DATA SHOWN →

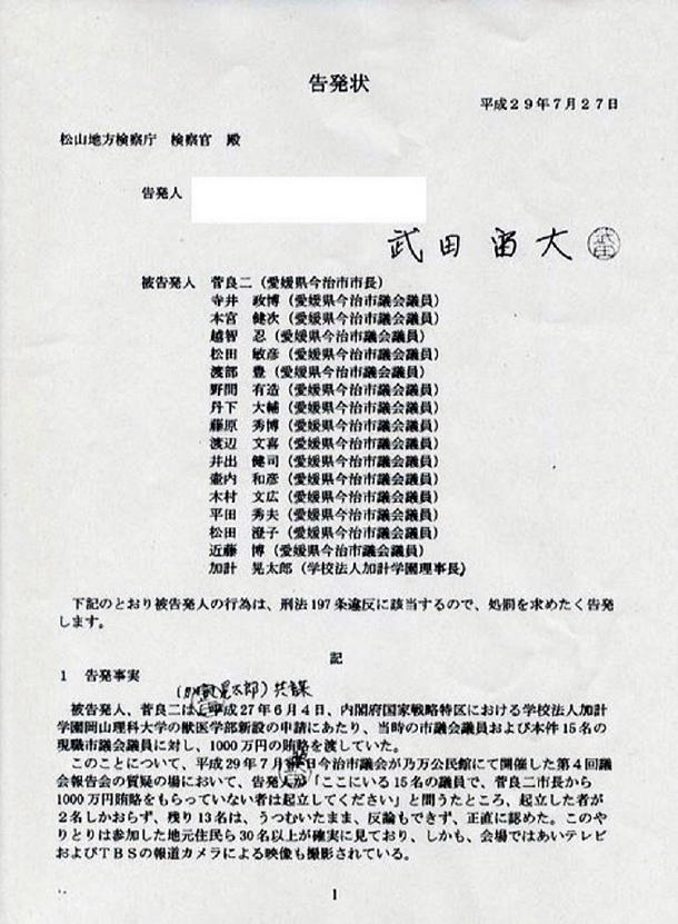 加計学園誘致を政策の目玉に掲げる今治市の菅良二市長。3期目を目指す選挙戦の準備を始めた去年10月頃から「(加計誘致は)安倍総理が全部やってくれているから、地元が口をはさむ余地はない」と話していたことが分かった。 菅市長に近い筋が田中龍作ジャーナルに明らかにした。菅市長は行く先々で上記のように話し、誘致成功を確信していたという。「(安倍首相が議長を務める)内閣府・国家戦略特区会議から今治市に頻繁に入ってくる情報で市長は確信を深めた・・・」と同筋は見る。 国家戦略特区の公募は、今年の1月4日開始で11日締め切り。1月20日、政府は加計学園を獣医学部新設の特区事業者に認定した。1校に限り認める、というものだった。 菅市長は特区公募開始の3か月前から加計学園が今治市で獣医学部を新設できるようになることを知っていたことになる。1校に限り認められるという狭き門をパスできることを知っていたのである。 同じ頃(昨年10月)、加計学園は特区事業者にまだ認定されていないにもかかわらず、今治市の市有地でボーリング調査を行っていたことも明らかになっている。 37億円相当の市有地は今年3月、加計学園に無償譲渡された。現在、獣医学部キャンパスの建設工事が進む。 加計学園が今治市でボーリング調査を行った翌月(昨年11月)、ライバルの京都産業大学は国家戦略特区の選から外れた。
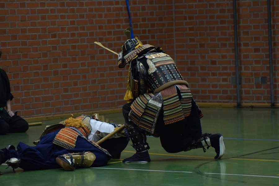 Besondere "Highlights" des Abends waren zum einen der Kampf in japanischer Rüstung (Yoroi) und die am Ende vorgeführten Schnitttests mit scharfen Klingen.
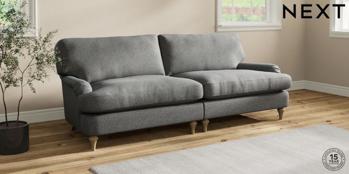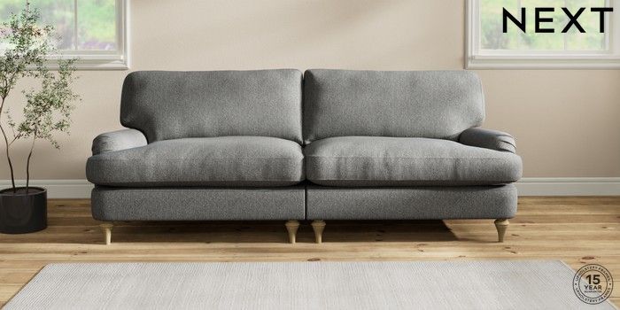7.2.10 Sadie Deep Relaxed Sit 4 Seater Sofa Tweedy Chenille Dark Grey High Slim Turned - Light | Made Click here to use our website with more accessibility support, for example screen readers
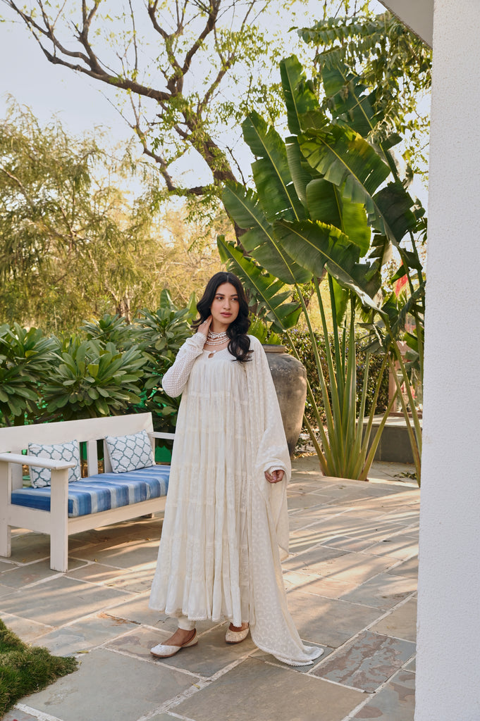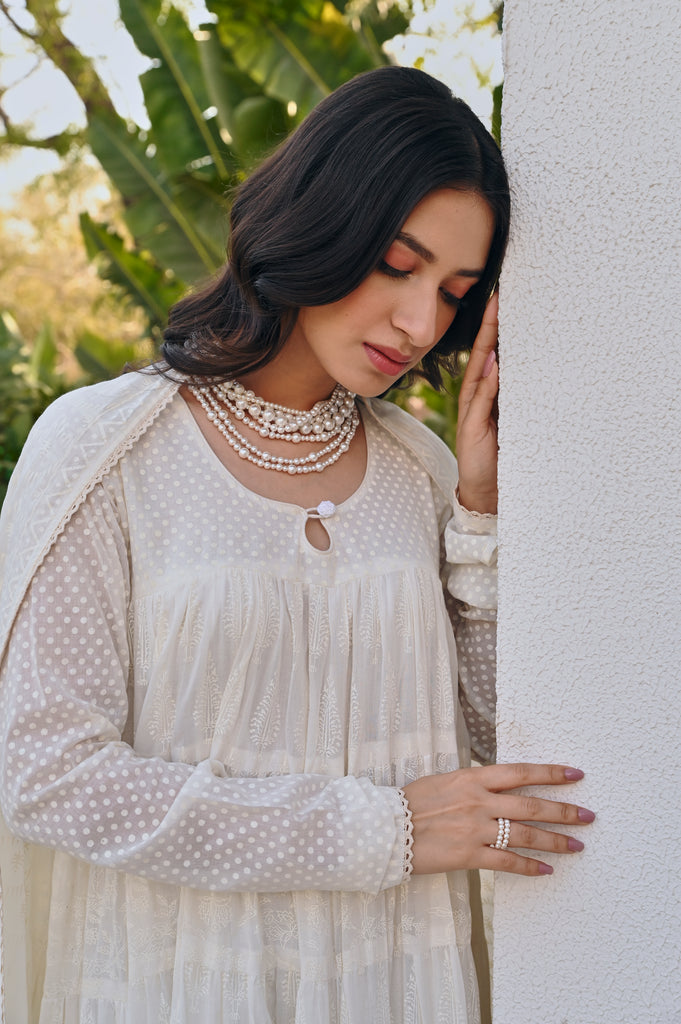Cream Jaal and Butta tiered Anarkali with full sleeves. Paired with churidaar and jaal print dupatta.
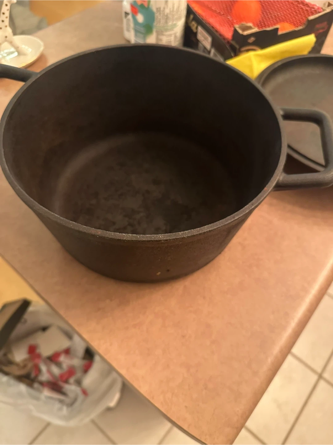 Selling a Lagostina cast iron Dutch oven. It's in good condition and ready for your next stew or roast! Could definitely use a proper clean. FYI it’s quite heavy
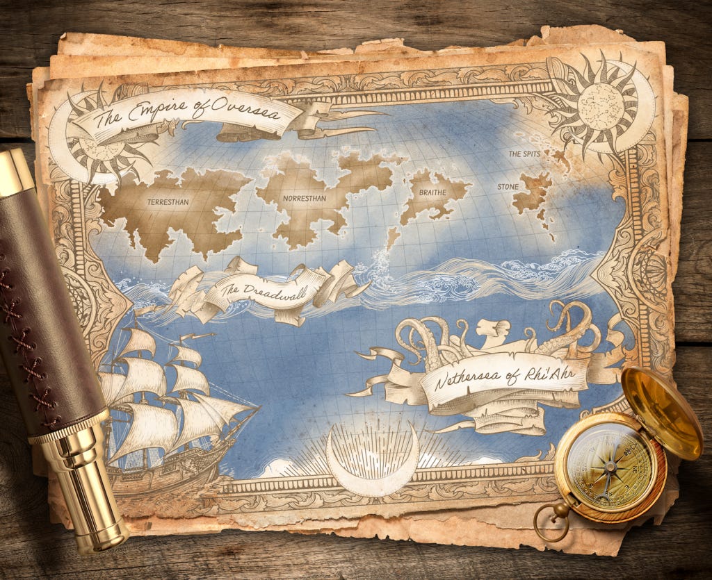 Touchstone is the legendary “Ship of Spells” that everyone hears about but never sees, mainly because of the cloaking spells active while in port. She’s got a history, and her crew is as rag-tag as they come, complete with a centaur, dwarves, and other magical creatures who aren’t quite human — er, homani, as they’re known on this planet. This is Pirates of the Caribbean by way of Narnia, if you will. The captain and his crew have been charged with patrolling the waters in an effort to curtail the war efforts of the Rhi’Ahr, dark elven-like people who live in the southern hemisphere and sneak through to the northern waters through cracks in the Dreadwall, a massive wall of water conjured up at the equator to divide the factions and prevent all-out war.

TASK →
A verbatim copy of every entry above, with no pictures, is the expected output.

TASK RESPONSE →
 加計学園誘致を政策の目玉に掲げる今治市の菅良二市長。3期目を目指す選挙戦の準備を始めた去年10月頃から「(加計誘致は)安倍総理が全部やってくれているから、地元が口をはさむ余地はない」と話していたことが分かった。 菅市長に近い筋が田中龍作ジャーナルに明らかにした。菅市長は行く先々で上記のように話し、誘致成功を確信していたという。「(安倍首相が議長を務める)内閣府・国家戦略特区会議から今治市に頻繁に入ってくる情報で市長は確信を深めた・・・」と同筋は見る。 国家戦略特区の公募は、今年の1月4日開始で11日締め切り。1月20日、政府は加計学園を獣医学部新設の特区事業者に認定した。1校に限り認める、というものだった。 菅市長は特区公募開始の3か月前から加計学園が今治市で獣医学部を新設できるようになることを知っていたことになる。1校に限り認められるという狭き門をパスできることを知っていたのである。 同じ頃(昨年10月)、加計学園は特区事業者にまだ認定されていないにもかかわらず、今治市の市有地でボーリング調査を行っていたことも明らかになっている。 37億円相当の市有地は今年3月、加計学園に無償譲渡された。現在、獣医学部キャンパスの建設工事が進む。 加計学園が今治市でボーリング調査を行った翌月(昨年11月)、ライバルの京都産業大学は国家戦略特区の選から外れた。
 Besondere "Highlights" des Abends waren zum einen der Kampf in japanischer Rüstung (Yoroi) und die am Ende vorgeführten Schnitttests mit scharfen Klingen.
7.2.10 Sadie Deep Relaxed Sit 4 Seater Sofa Tweedy Chenille Dark Grey High Slim Turned - Light | Made Click here to use our website with more accessibility support, for example screen readers
Cream Jaal and Butta tiered Anarkali with full sleeves. Paired with churidaar and jaal print dupatta.
 Selling a Lagostina cast iron Dutch oven. It's in good condition and ready for your next stew or roast! Could definitely use a proper clean. FYI it’s quite heavy
 Touchstone is the legendary “Ship of Spells” that everyone hears about but never sees, mainly because of the cloaking spells active while in port. She’s got a history, and her crew is as rag-tag as they come, complete with a centaur, dwarves, and other magical creatures who aren’t quite human — er, homani, as they’re known on this planet. This is Pirates of the Caribbean by way of Narnia, if you will. The captain and his crew have been charged with patrolling the waters in an effort to curtail the war efforts of the Rhi’Ahr, dark elven-like people who live in the southern hemisphere and sneak through to the northern waters through cracks in the Dreadwall, a massive wall of water conjured up at the equator to divide the factions and prevent all-out war.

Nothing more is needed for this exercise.